Your medications will be a problem when taking Hormone Therapy you fears and depression will most probably be all over the place.

My life was like yours and it was made worse by my Disability.

We made massive changes that removed me from my family members and pushed me down several different pathways and I love my Wife for allowing these changes to flourish.

My life has changed dramatically and parts of it have been interesting to say the least. New friends and hobbies have replaced a negative period in my life. One thing however in my case I will need to take AD for the rest of my life, that is only a very small problem when I consider what I have been through in the past.

Only you can decide what actions you may need to take to put your mind at rest and start a new pathway that will allow you move on.

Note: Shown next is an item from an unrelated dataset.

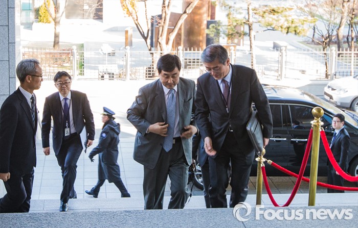 (서울=포커스뉴스) 이종걸(오른쪽 두번째) 더불어민주당 원내대표가 한일간 위안부 협상과 관련해 5일 오후 서울 종로구 외교부 청사를 항의 방문하고 있다.

One of the main problems we have in cases like this is we beat ourselves up and become self critical of our past, what if or why me follow us, we become a victim and that seems to broadcast to all around us and people may pick up on these feelings

Whatever your past and those around us, you have your life to lead, no-one can do that for you, We pick ourselves up dust off shrug and move on. Your medications are only a small part of any changes you may need to take.

Stop concerning yourself of the past look forward to a new life

B.

ALIVENOW profile image
ALIVENOW in reply to

Thank you for the reply B, I will just see how things go by reducing.

A

CarmelaGrace profile image
CarmelaGrace

I was on sertraline a while back and felt like a zombie - I had terrible restless legs at night and couldn't sleep. Eventually came off them entirely because I'd got to the point where I felt like feeling anything was better than feeling nothing and not sleeping. I do think that sometimes it's waiting til you find that drug that suits you.